Recently, the HBP consortium has answered to these criticisms by distancing its current objectives from the multiomic initial approach of the ramp-up phase of the project (Markram et al., 2011; Markram, 2012). In Section 6 of the white Zenodo paper generated at the end of the HBP flagship (Amunts, et al., 2023), the reformed consortium brings a clear semantic clarification: “We distinguish purpose-driven digital twins from the abstract idea of a full digital replica (or duplicate/copy) of the brain, the latter being the complete representation of all aspects of the brain at all levels. A full replica of the brain is neither achievable nor does it seem of clear practical use.” Note however, that HBP does not take the full responsibility for its repeated use of the “twin” metaphor in relation to a biological brain, whose journalistic media impact (the “twin” duplicate), will unfortunately prevail in the eye of the public.
Building a unified multiscale theory of the brain
The global scientific strategy did change radically during the HBP flagship. At the start, “reverse engineering,” advocated by the charismatic Henry Markram, was the driving justification for the industrialization of neuroscience, the multiomic collection of big data and the need for high performance computing (HPC) infrastructures. One may agree or not with the soundness of the working hypothesis (see, for instance, Pitra, 2013; Frégnac, 2017), but it had the merit of providing a roadmap.
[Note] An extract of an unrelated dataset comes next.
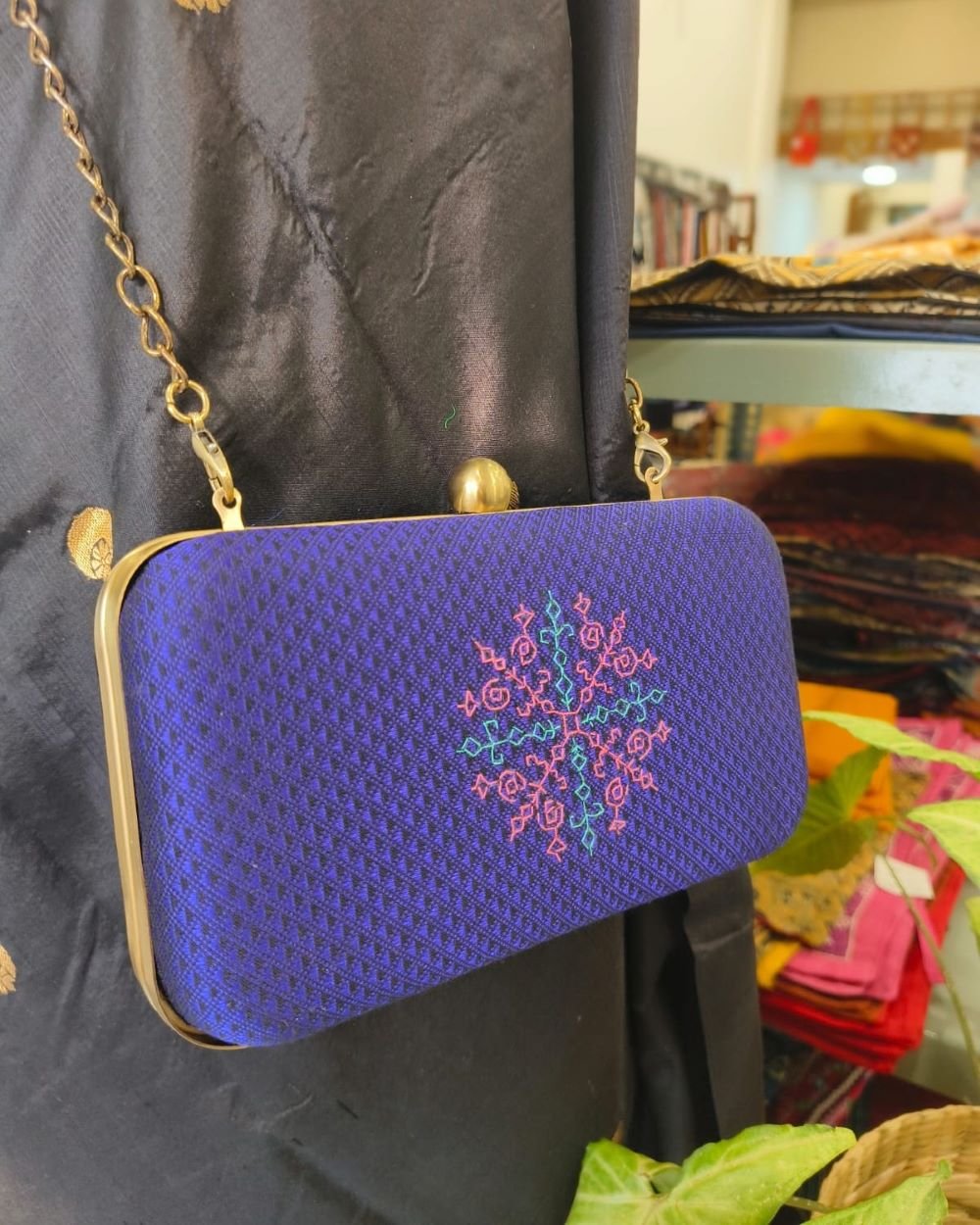 Kasuti hand embroidered clutch purses. The embroidery is done by women in Dharwad. Will fit a cell phone. Has a small side pocket flap inside. Chain handle and clasp are metal. The reverse side is plain.

Although doubtful about the Lego-like reconstruction strategy envisioned by Henry Markram, many of us thought that such an extensive reductionist exploration phase might uncover unsuspected alleys necessary for building a more comprehensive model of the brain.
The reductionist phase (Markram, 2012) progressively waned, when the triumvirate reduced experimental funding to the benefit of HPC, neuromorphic technology and future database infrastructures (Amunts et al., 2016, 2019), as if the community had siloed from the start enough low-level biological information to crack the brain. In the second part of the flagship, mean field (or neural mass) approaches and human brain imaging became dominant. In my view, this progressive shift in focus reflects the mid-flagship restructuration in governance, proposed by the Marquardt (2015) report, rather than a fundamental change in the way of looking at the brain. Science historians might make a finer diagnosis. Still, in a more scientific context, the shift could be interpreted as a down-grading of the initial ambitions, signaling the defeat of the theoretical field’s ambition to provide a multiscale view of the brain.
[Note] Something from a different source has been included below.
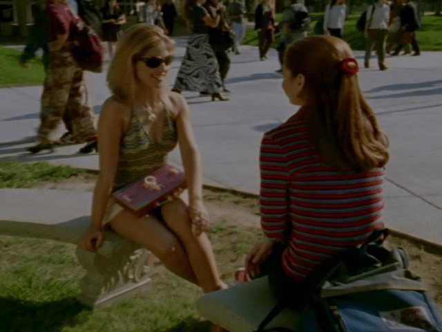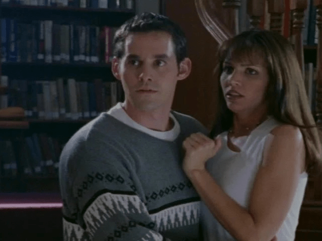 19:57 : Just a thought as the kids leave class and arrive in the library… Willow’s helping Jenny for extra credit and Xander and Cordelia are behind. Buffy’s not in Saturday school. All that’s good and all, but are you telling us that the Slayer, who has trouble attending any class – and the fact we’ve never seen her in Jenny’s class at all – isn’t falling behind? And Buffy’s skills using a computer (as seen in I Robot, You Jane) are… rudimentary to say the least…

Let us expand a bit further. The main pragmatic issue of the reductionist phase during HBP was to decide how deep into the microscopic dimensions should the experimentation go. Unfortunately, we do not know yet. As early as 1714, the philosopher and mathematician Gottfried Wilhelm Leibniz argued that “if one could enter the brain as one enters a mill, there would be only mechanical parts, but one would not be able to observe thoughts” (cited in Cobb, 2020). Jonas and Kording (2017) confirmed the intuition of the “brain-mill” metaphor of Leibniz, by showing that reverse engineering methods would fall short of producing meaningful understanding of neural and computer systems, regardless of the amount of data. From the start of HBP, as well as in concurrent global neuroscience initiatives, a continuous debate has been whether reverse engineering is just a time/energy-consuming path, or a dead-end strategy (Pitra, 2013). Time will tell.
Following the transfer of the scientific leadership from EPFL to the Forschungszentrum Jülich, the HBP consortium gave less attention to molecular/cellular diversity, concentrating on brain imaging and mean field (neural mass) mesoscopic approaches. The mesoscopic dimension takes the lead in the public eye, mostly because striking correlations have been established between brain imaging mapping and perceptual or behavioral output. Even if fMRI signals are of a complex origin, mixing vascular, glial, and local field components rather than neuronal activity itself (Sirotin and Das, 2009; Schulz et al., 2012), they seem to provide topological markers of a medley of global activity. As such, they are used to encode the read-out of the holistic brain. This fits with what we know already from a phrenology-like localizationist approach (but with what statistical confidence? See Eklund et al., 2016; Murphy, 2016). This mapping strategy has been generalized with impressive success, to build, on the basis of more abstract labels, cognitive and semantic atlases (Huth et al., 2016).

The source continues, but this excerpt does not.